Ética e Epistemologia.


B

Ontologia e Antropologia filosófica.


C

Axiologia e Antropologia filosófica.


D

Filosofia política e Ontologia.


E

Ontologia e Teoria do conhecimento.

Richard Rorty foi um filósofo pragmatista estadunidense. A sua principal obra é A Filosofia e o Espelho da Natureza. A filosofia fundacional é o resultado, para Rorty, da união de três ideias.


Que ideia faz parte da filosofia fundacional caracterizada por Rorty?


A

A ideia da natureza como possibilidades infinitas de experiência.


B

A ideia da mente como sistema aberto.


C

A ideia de filosofia como pesquisa e posse dos fundamentos do conhecimento.


D

A ideia da mente como abertura de novos paradoxos.

De acordo com a Ontologia do ser social, os seres humanos distinguem-se do conjunto da Natureza por terem um modo de ser particular. O que funda o ser social é o (a)


A

linguagem.


B

política.


C

trabalho.


D

desigualdade.


E

luta de classes.

Em resposta à pergunta: “Mas o que é o sentido do ser?” no posfácio da obra Ser e tempo, de Heiddeger, Emanuel Carneiro Leão afirma:


“(...) é que o ser não somente não pode ser definido, como também nunca se deixa determinar em seu sentido por outra coisa nem como outra coisa. O ser só pode ser determinado a partir do seu sentido como ele mesmo. Também não pode ser comparado com algo que tivesse condições de determiná-lo positivamente em seu sentido. O ser é algo derradeiro e último que subiste por seu sentido, é algo autônomo e independente que se dá em seu sentido”. A partir dessa compreensão, pode-se afirmar que:


I. De um lado nunca se obteve nem se obtém uma definição do ser. Mas, em compensação, ganha-se sempre uma experiência essencial de seu sentido: a experiência de que o ser sempre se esquiva e desvia em todos os desempenhos de apreendê-lo, em qualquer esforço por representá-lo.

II. Tudo que fazemos ou deixamos de fazer para definir o sentido ser serva para nos distanciar. E nunca terminamos de nos afastar. Pois não temos escolha. Somos colhidos pela tração do retraimento e nessa tração, significamos o sentido do ser.

III. Resta encarar de frente o ser no movimento de seu sentido a fim de não o perder de vista e esquecê-lo na obnubilações do tempo.
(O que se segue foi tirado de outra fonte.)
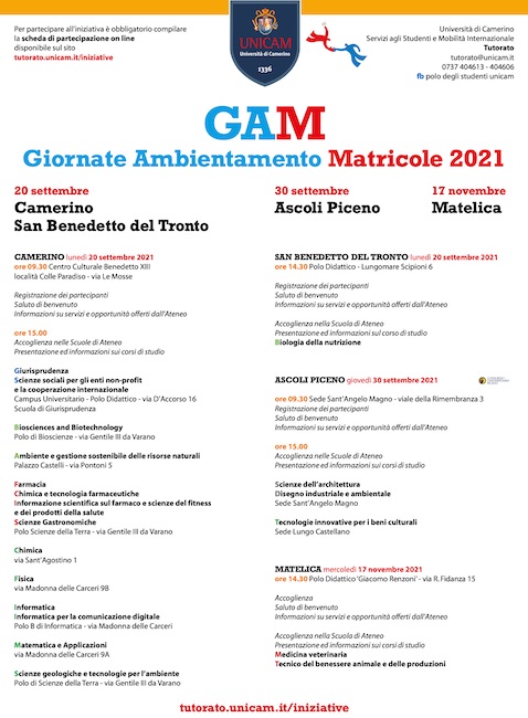 L’appuntamento con le Giornate di Ambientamento per le matricole è per lunedì 20 settembre, in concomitanza con l’inizio delle lezioni del nuovo anno accademico, nelle sedi di Camerino e San Benedetto del Tronto, mercoledì 30 settembre nella sede di Ascoli Piceno e mercoledì 17 novembre nella sede di Matelica.

Os percalços e peripécias do tempo nos proporcionam o horizonte de doação do sentido que se dá na média em que se retrai.


Assinale


A

se somente as afirmativas I e II estiverem corretas.


B

se somente as afirmativas II e III estiverem corretas.


C

se somente as afirmativas I e III estiverem corretas.


D

se somente as afirmativas III estiverem corretas.


E

se todas as afirmativas estiverem corretas.

O ceticismo de David Hume fica evidente na crítica que faz à noção de causalidade. Se não temos nenhuma experiência da relação de causa e efeito como conexão necessária entre eventos no real, por que percebemos os fenômenos com continuidade e regularidade?


A

Porque a repetição e o hábito orientam nossas percepções.


B

Porque somos iludidos por fantasias de unidade e totalidade do Ser.


C

Porque a causalidade é subjetiva.


D

Porque a conexão entre eventos é renovada a cada instante pelo divino.


E

Porque todo efeito sucede a sua causa.

De acordo com Marx, o que distingue o arquiteto da abelha é que o arquiteto planeja a sua atividade antes de executá-la. De acordo com a Ontologia do ser social, qual a categoria que explica esse momento de prévia ideação?


A

Alienação.


B

Exteriorização.


C

Objetivação.


D

Teleologia.


E

Ideação.

No que diz respeito ao estoicismo, considere as seguintes afirmações:

I. O bem moral é aquilo que incrementa o logos e o mal é aquilo que lhe causa dano.

II. A conduta moral não está associada à busca da apatia, da impassibilidade.

III. O homem deve viver de acordo com sua natureza.

IV. A vontade humana não deve se conformar à ordem divina.

Está correto somente o que se afirma em


A
II e IV.

B
I e II.

C
I e III.

D
III e IV.

Sobre um dos problemas centrais da Ontologia, marque a alternativa ERRADA:


A

O que é o ente enquanto ente?


B

O que é o ser do ente?


C

Por que o ente e não o nada?


D

Que significa ser?


E

Que é o conhecimento?

Conforme o lema “O agir segue o ser”, a conduta do indivíduo tem como fundamento ético

A
a regra de reação anárquica às repressões.

B
a soberania de sua vontade individual.

C
a resolução da assembleia a que ele pertence.

D
a dependência de sua qualidade ontológica.